--- START ---

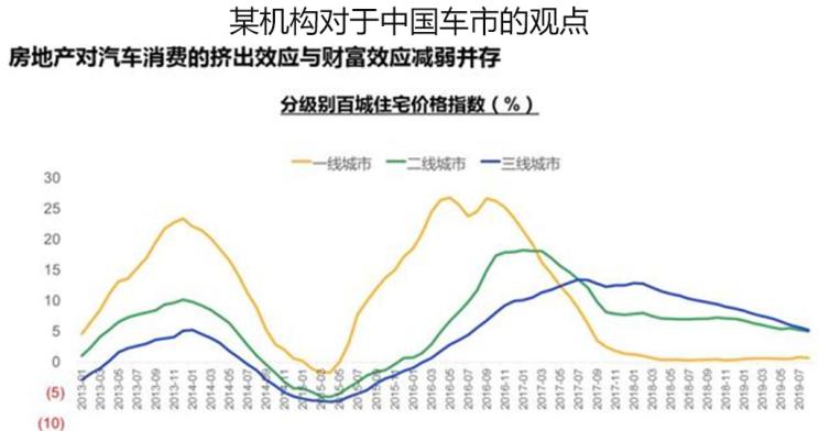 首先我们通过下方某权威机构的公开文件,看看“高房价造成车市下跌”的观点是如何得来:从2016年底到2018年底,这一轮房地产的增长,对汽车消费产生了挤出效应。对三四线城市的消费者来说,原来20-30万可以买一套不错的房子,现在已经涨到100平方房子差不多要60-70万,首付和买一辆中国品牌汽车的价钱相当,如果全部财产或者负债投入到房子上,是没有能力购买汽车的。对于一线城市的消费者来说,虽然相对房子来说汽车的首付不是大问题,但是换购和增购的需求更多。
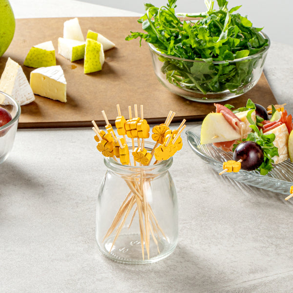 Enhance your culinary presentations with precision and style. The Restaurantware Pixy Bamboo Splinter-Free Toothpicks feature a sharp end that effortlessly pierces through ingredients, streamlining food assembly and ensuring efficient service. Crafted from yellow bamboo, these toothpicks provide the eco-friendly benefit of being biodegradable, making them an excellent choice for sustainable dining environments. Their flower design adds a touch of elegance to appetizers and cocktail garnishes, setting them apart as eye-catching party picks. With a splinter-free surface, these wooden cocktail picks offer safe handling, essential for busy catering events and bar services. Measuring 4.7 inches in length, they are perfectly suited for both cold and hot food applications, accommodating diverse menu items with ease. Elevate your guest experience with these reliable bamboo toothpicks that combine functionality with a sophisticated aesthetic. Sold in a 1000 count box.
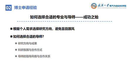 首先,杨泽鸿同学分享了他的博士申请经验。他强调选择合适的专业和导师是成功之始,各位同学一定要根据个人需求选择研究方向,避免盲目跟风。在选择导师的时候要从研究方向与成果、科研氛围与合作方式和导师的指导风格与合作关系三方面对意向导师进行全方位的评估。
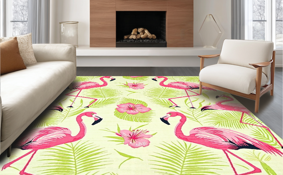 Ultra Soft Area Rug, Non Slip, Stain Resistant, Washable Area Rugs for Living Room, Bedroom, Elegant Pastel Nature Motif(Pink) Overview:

--- END ---
--- START ---

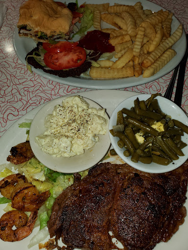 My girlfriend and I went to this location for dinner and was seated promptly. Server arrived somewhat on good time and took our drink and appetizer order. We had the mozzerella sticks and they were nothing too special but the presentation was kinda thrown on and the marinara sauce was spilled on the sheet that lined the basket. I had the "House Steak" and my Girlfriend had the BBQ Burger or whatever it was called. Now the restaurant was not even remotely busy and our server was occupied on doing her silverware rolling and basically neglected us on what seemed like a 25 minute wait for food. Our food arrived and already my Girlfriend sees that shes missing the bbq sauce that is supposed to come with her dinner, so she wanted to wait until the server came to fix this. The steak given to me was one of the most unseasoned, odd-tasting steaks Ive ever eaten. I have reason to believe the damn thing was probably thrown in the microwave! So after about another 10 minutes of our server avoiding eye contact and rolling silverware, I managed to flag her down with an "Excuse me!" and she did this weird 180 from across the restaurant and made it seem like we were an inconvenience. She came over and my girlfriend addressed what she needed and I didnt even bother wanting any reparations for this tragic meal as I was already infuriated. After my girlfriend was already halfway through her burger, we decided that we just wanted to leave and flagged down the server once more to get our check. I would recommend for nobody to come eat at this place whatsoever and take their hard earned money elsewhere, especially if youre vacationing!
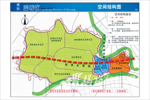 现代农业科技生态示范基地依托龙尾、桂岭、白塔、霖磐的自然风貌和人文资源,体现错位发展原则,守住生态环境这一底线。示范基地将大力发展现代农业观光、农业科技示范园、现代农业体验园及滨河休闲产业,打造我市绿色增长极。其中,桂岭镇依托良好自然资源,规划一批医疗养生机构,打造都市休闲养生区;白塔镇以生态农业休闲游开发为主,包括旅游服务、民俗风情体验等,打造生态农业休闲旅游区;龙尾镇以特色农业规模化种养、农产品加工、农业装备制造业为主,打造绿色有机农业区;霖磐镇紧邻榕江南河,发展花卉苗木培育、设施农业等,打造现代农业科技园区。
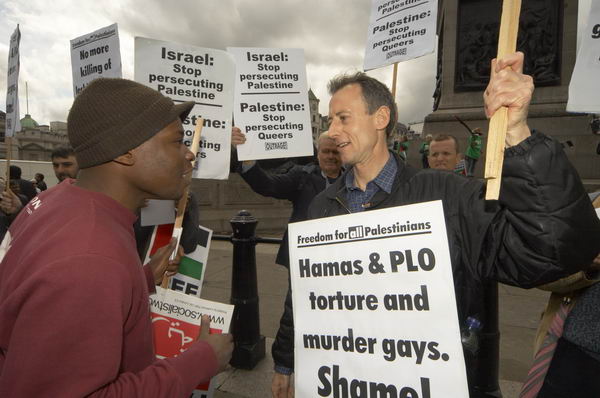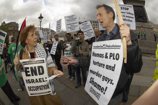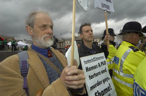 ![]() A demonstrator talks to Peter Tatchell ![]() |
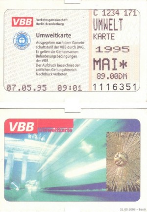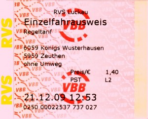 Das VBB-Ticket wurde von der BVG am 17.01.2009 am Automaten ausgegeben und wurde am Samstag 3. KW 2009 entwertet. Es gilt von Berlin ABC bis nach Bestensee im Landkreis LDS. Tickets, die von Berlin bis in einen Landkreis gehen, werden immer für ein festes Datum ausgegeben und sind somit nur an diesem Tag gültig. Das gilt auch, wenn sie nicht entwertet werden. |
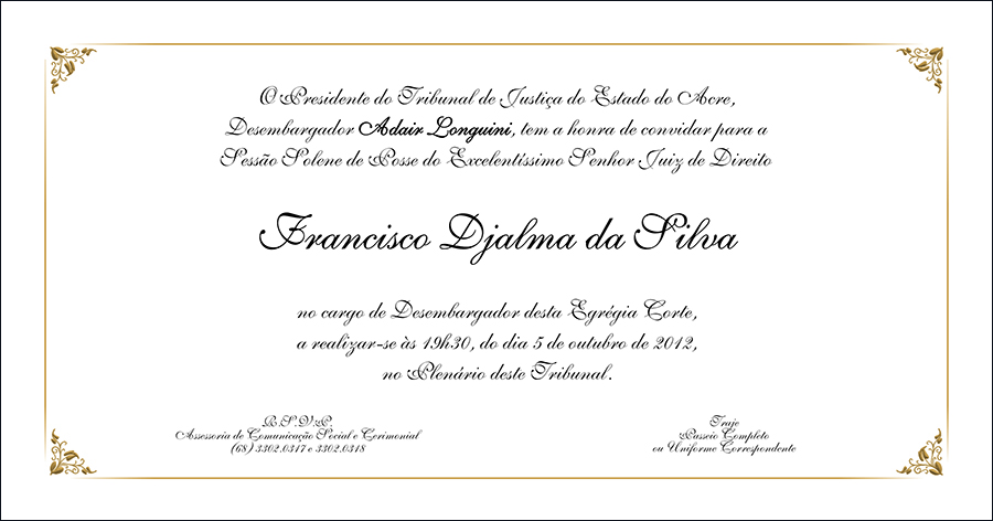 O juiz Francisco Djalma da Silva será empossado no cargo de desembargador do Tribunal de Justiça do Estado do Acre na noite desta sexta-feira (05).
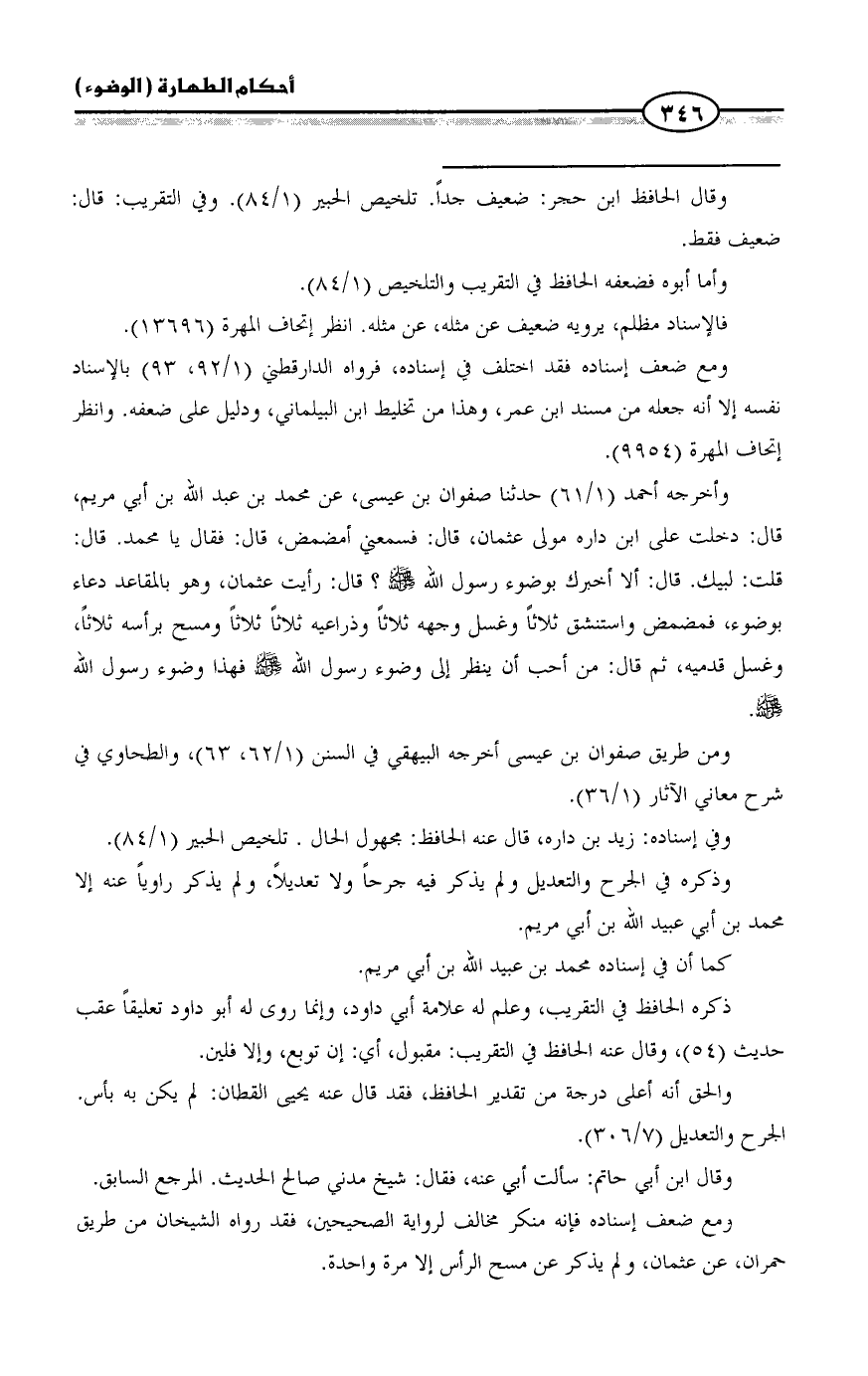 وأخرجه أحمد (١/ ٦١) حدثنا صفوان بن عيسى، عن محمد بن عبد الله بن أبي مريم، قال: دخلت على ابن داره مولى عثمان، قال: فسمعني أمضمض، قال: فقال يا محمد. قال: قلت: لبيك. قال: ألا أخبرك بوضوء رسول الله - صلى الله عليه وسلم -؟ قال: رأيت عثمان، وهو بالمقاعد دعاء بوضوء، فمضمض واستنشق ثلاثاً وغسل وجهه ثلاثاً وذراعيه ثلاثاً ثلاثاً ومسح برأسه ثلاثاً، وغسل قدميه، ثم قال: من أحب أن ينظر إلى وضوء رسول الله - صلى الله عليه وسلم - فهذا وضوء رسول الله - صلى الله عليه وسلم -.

--- END ---
--- START ---

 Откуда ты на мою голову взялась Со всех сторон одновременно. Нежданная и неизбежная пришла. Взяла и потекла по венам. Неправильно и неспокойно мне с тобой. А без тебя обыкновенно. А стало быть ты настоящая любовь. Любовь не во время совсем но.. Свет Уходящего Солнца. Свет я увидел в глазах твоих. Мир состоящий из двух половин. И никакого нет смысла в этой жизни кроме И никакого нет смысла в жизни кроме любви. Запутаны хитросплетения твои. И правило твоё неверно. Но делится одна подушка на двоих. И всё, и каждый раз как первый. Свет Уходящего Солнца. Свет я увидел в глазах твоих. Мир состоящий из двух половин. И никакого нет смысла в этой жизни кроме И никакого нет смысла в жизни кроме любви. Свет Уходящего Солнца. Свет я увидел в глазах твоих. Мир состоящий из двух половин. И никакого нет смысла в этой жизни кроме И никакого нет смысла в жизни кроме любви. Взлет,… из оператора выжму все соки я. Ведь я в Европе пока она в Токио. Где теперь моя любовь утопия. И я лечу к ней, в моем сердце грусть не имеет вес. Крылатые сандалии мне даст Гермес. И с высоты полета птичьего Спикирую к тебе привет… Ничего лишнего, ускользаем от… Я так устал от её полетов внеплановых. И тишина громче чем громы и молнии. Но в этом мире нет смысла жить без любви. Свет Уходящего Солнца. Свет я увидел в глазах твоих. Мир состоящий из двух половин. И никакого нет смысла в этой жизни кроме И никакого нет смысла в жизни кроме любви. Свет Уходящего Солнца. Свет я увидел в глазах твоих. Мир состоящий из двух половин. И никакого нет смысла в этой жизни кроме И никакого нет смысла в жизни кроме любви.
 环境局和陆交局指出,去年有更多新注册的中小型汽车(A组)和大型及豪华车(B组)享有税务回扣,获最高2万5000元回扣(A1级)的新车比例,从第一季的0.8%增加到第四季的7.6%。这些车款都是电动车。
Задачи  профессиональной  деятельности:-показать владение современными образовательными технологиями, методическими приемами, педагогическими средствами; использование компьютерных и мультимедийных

--- END ---

Of the lines above, quote exactly those from the one with "首先,杨泽鸿同学分享了他的博" through the one with "Ultra Soft Area", ends included; pictures stay out.

Task solution |
 首先,杨泽鸿同学分享了他的博士申请经验。他强调选择合适的专业和导师是成功之始,各位同学一定要根据个人需求选择研究方向,避免盲目跟风。在选择导师的时候要从研究方向与成果、科研氛围与合作方式和导师的指导风格与合作关系三方面对意向导师进行全方位的评估。
 Ultra Soft Area Rug, Non Slip, Stain Resistant, Washable Area Rugs for Living Room, Bedroom, Elegant Pastel Nature Motif(Pink) Overview:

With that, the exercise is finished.